Your task:
The answer is to be an exact copy of the lines below running from the line with "RUNNING GIRL Yoga" down to the line with "開(kāi)關(guān)切", both ends included, and nothing more.

Dataset records:
================================

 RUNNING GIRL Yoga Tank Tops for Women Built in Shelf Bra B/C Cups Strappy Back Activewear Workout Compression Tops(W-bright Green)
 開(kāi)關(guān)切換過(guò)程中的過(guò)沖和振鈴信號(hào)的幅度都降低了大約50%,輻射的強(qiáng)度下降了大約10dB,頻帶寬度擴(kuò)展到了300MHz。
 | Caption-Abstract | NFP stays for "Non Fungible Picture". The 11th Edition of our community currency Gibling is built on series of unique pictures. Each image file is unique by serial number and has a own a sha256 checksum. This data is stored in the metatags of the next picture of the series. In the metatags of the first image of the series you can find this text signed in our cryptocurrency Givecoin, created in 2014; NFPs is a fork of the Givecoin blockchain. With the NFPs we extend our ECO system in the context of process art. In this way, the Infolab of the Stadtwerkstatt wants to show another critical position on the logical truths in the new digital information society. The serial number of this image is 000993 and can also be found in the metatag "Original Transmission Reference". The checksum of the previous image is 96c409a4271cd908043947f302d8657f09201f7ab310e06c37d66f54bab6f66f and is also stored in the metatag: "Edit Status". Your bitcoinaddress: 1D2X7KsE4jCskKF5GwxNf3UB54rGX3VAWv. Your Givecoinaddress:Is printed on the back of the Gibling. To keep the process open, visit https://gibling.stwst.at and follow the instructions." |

================================

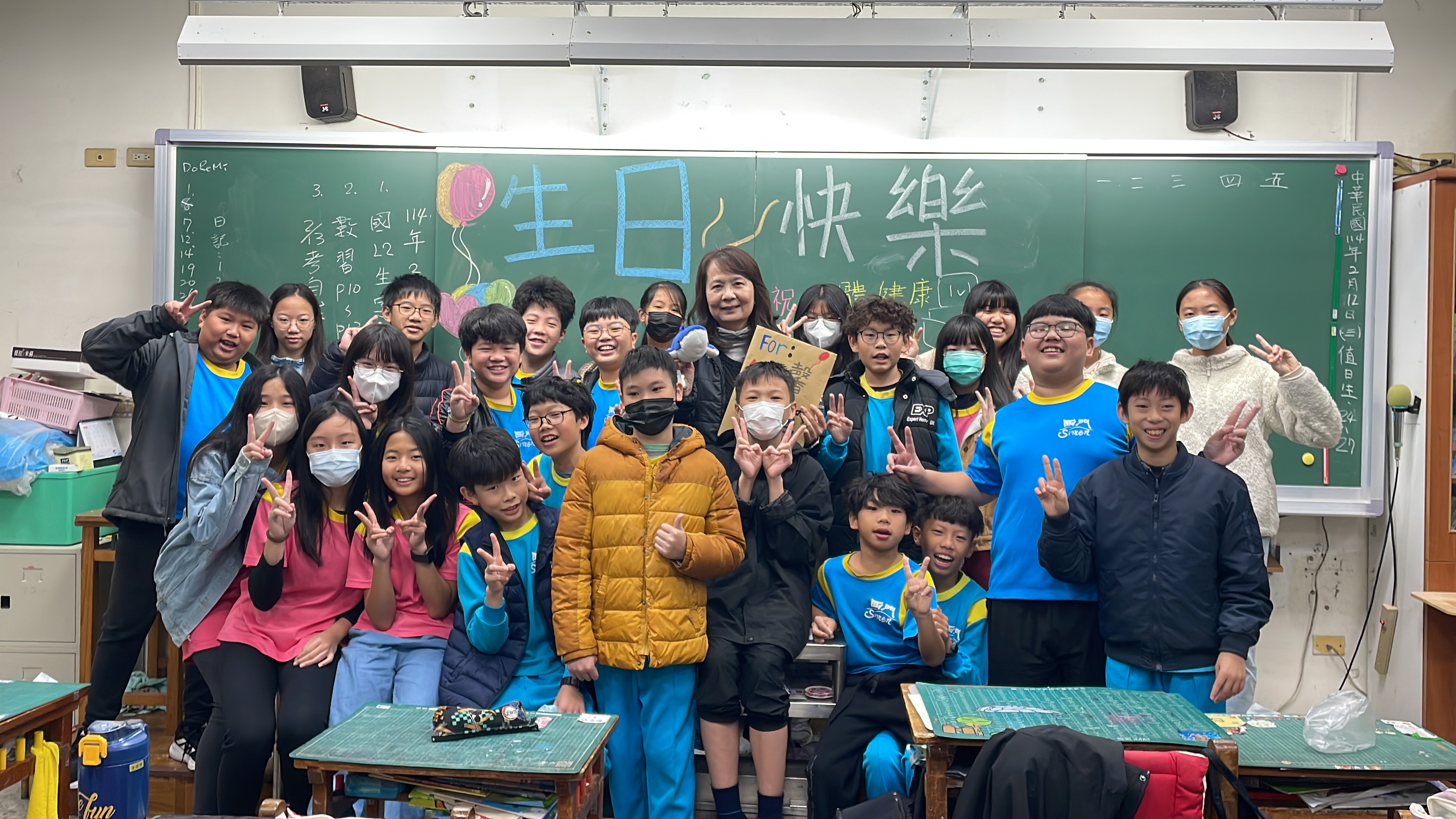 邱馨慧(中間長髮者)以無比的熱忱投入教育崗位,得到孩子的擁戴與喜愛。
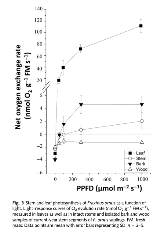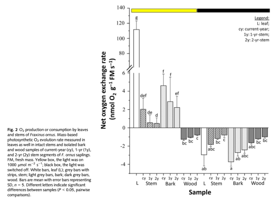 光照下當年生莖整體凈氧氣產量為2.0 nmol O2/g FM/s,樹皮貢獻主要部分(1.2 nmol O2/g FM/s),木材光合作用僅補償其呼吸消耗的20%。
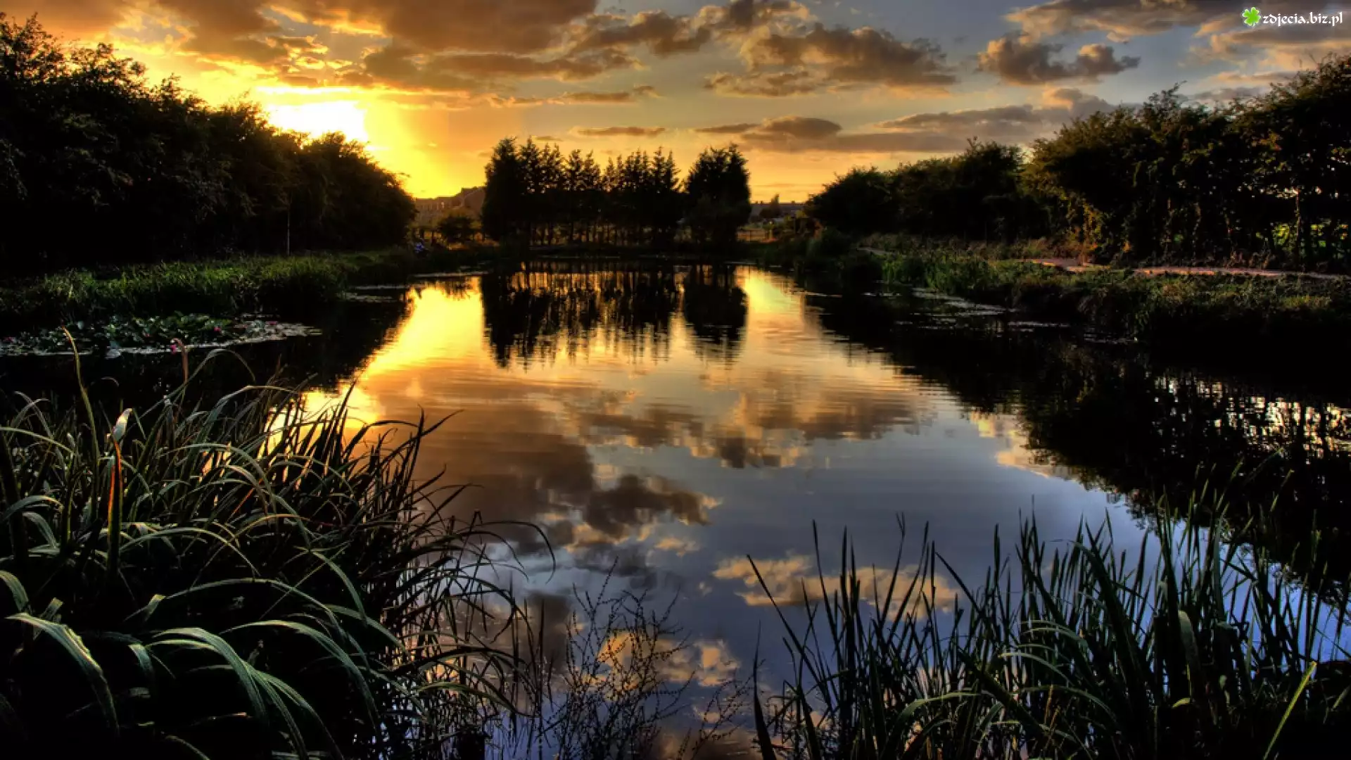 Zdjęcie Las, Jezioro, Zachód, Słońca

================================

Reply to the task:
 RUNNING GIRL Yoga Tank Tops for Women Built in Shelf Bra B/C Cups Strappy Back Activewear Workout Compression Tops(W-bright Green)
 開(kāi)關(guān)切換過(guò)程中的過(guò)沖和振鈴信號(hào)的幅度都降低了大約50%,輻射的強(qiáng)度下降了大約10dB,頻帶寬度擴(kuò)展到了300MHz。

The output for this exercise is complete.